Money gave the Premier League power. Multi-club ownership has secured it
Clubs are increasingly part of a wider network of shared owners.
The rise of multi-club ownership and how it has helped English teams to consolidate their dominant position in world football.
At the end of the 2012-13 season, clubs in the English Football League sought to put an end to a loophole seen as a threat to competition.
After Watford were taken over by the Pozzo family in 2012, the club signed 10 players from Udinese, another club they owned. Watford reached the Championship play-off final that season, losing to Crystal Palace.
At around the same time, Chelsea were busy sending youngsters to Vitesse Arnhem to get game time, loaning out a total of 29 players over the course of Roman Abramovich’s ownership. Reports have since shown that the Russian oligarch was funding the Dutch club.
By voting to limit the number of loanees which could be included in a matchday squad, clubs in English football mistakenly thought they had fixed a problem which then did not have a name.
Eleven years later, multi-club ownership is everywhere in global football.
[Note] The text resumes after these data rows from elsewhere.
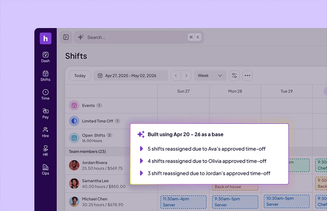 Perfect every shift with AI schedules built around your team’s roles and availability.
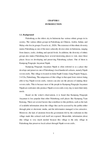 NURHUDA, TRILISA (2022) DESIGNING A VIDEO SCRIPT OF KAMPUNG PENGRAJIN ANYAMAN NIPAH IN PALEMBANG. Other thesis, Politeknik Negeri Sriwijaya.
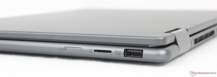 Alle poorten van de 2022 Yoga 7 14 2-in-1 zijn terug, zij het anders gerangschikt. Hoewel we de dubbele Thunderbolt 4-poorten op prijs stellen, zou het fijn zijn geweest om ze te scheiden tussen de twee zijkanten van de laptop, zoals op de Razer Blade 14 voor meer vrijheid bij het opladen en aansluiten van externe beeldschermen. Concurrerende modellen zoals de Inspiron 14 7445 2-in-1 of Envy x360 2-in-1 14 hebben ook meer USB-A poorten dan onze Lenovo.
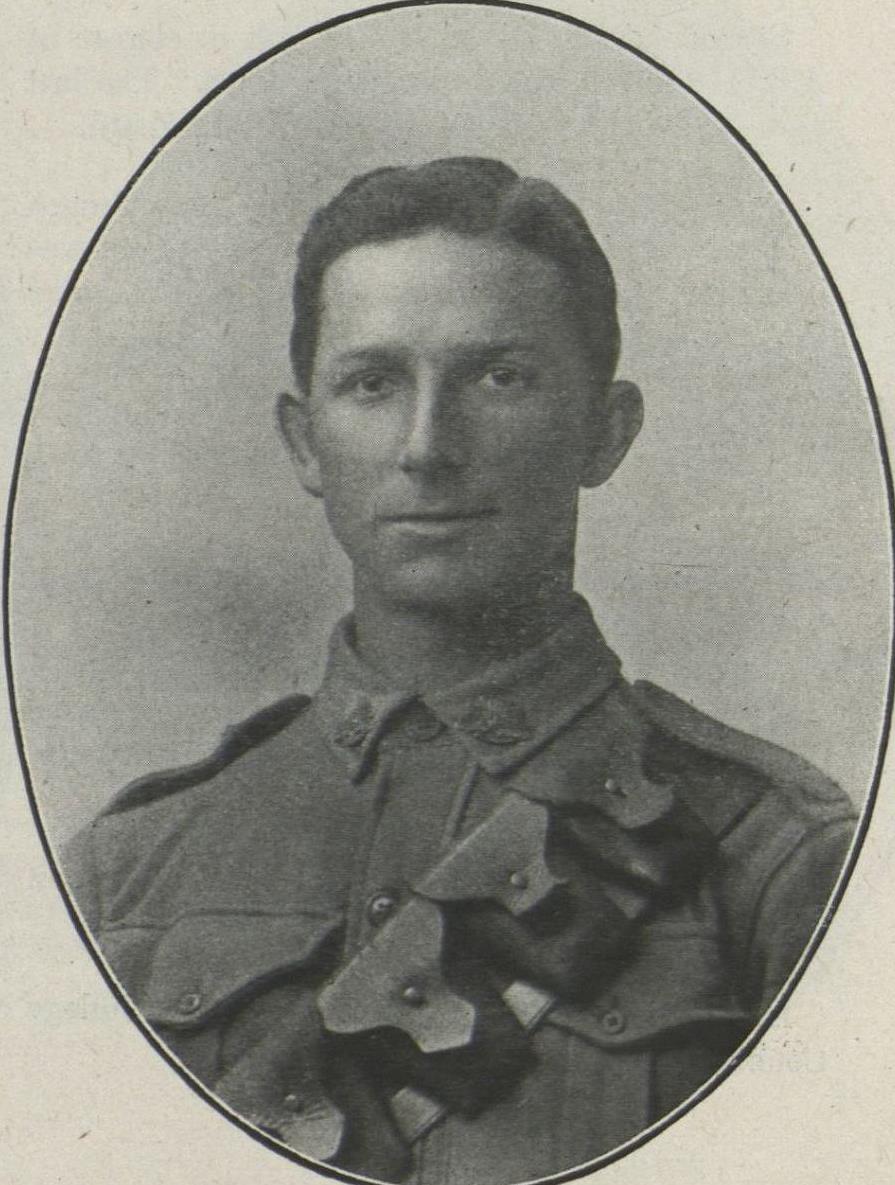 B.A. : Sapper, 1st Division Signal Coy., A.I.F., France. Enlisting in March, 1916, and sailing 25th October, joined unit in France in September, 1917. Wounded at Hooge and evacuated to England 4th October. Rejoining coy. in March, 1918, was again wounded and evacuated to England from the Somme sector 22nd August. Rejoining unit again n th November, served until February, 1919, and returned to England for educational work until demobilisation. Early education at Balmain Superior Public School. Later at Teachers' College.
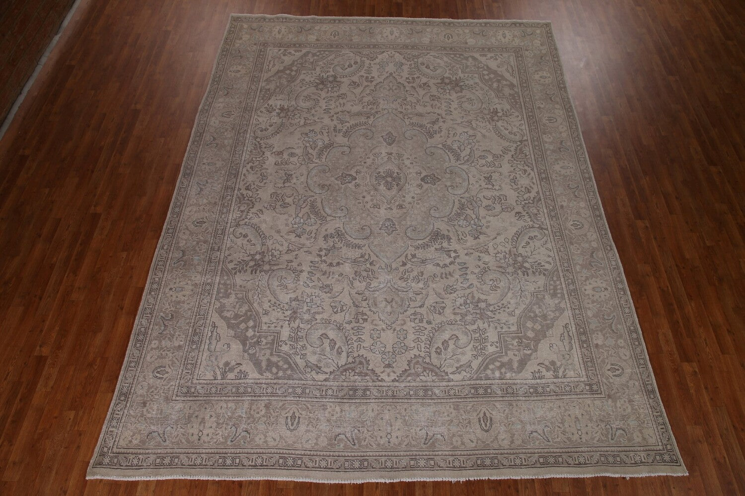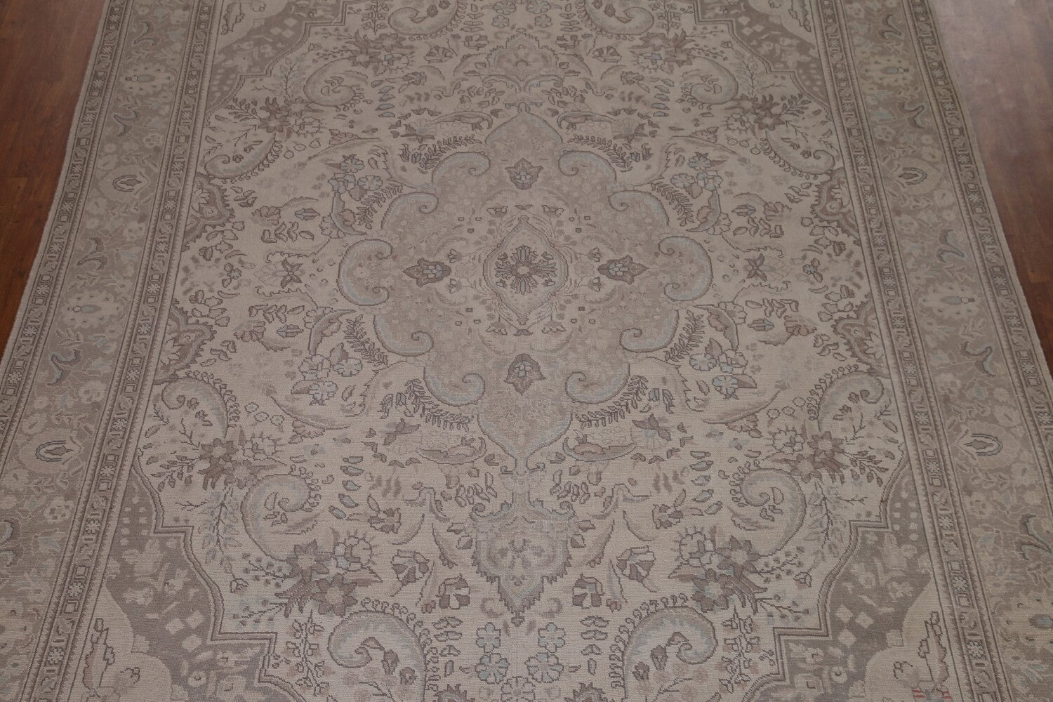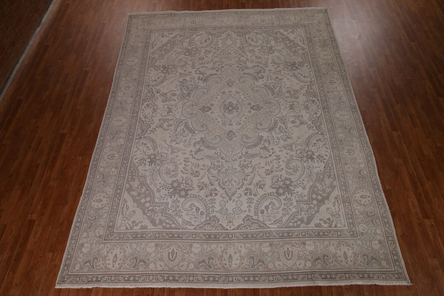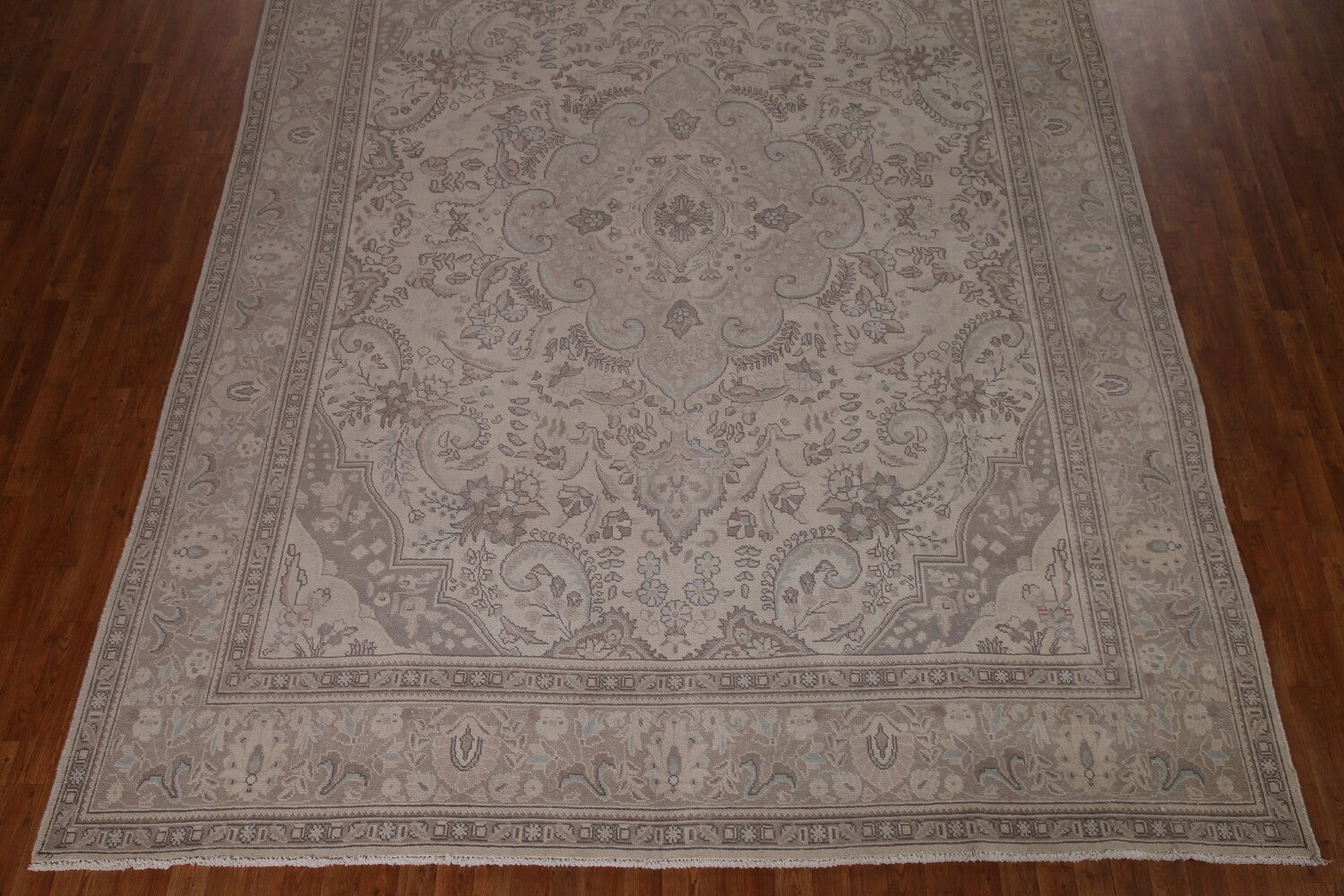 A Beautiful Genuine Persia ( Persia ) Tabriz rug is Hand Knotted by skillful weavers in Persia ( Persia ) with 100% Wool Material. This rug is in Very Good (Evenly Low Pile) condition. dimensions are 12' 7'' X 9' 5'' in foot and 384 X 287 in centimeter. the primary color is Beige & Ivories.
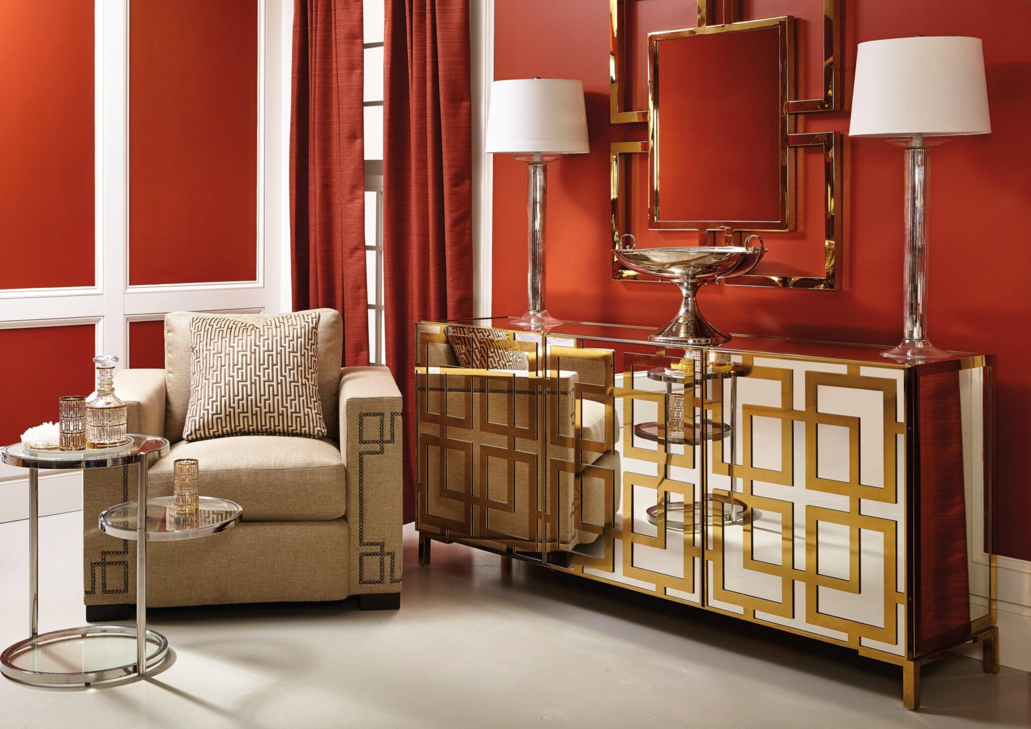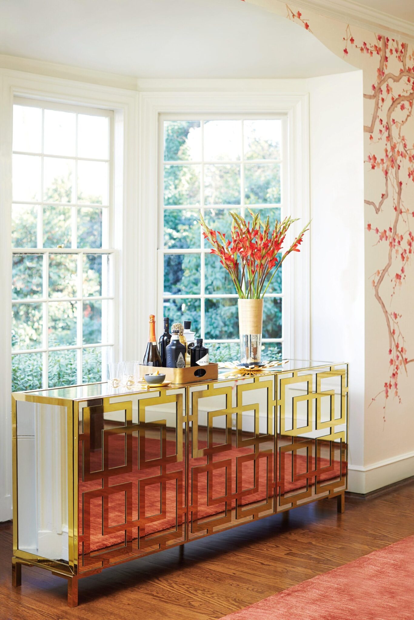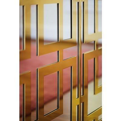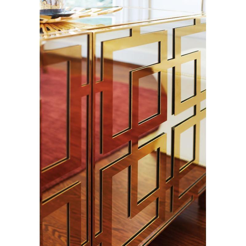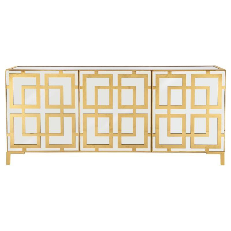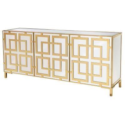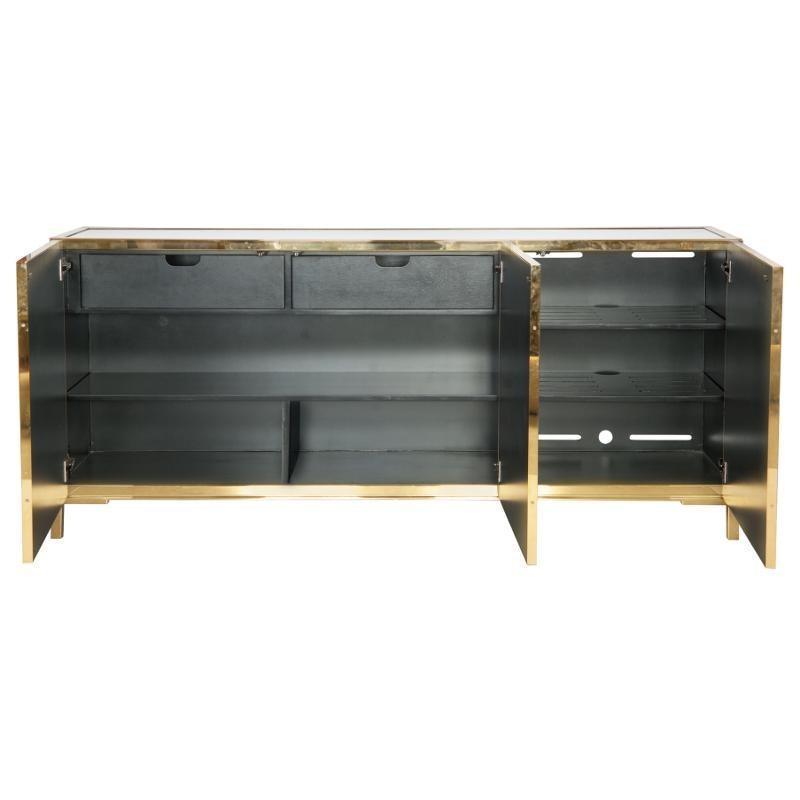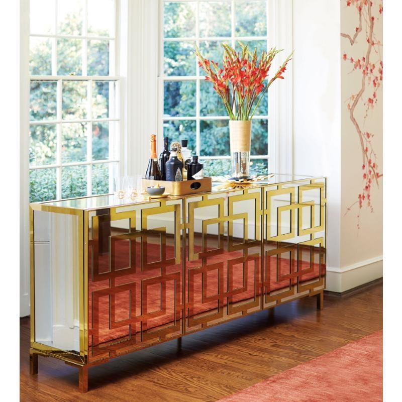 The Fretwork mirror buffet sideboard will make a gorgeous, statement piece for your dining room. It features a stainless steel frame in polished brass finish, inset mirrored glass top and end panels, three doors with inset mirrored glass front and metal grille with touch latch and black interior. Behind the left and center doors are two drawers with hand cut-outs, one removable shelf with bottom attached partition and two open compartments. The left drawer has wrapped pad, the right drawer has silverware insert and behind the right door are two adjustable, removable, shelves.
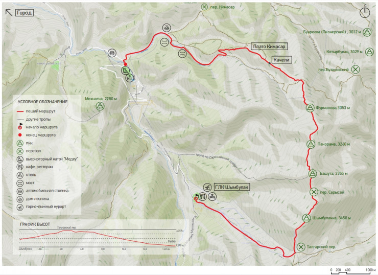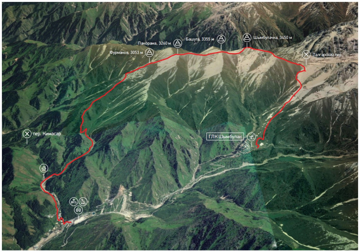 Описание: горнолыжный комплекс (ГЛК) "Шымбулак" - вершина Фурманова - Кимасар - Медеу

And, as the International Centre for Sports Studies (CIES) shows, English football’s top sides are leading the way.
A report published this month shows that 14 clubs in the Premier League are part of a multi-club ownership structure – more than any other league in Europe.
The EFL Championship has nine teams in multi-club ownership groups, bucking a continent-wide 29 per cent decline in investments in such groups, the CIES said.
Not all of these groups acquire clubs for the purposes of swapping players. In the case of Red Bull, for example, spreading the brand across Germany, Austria and Brazil can boost sales for an energy drink.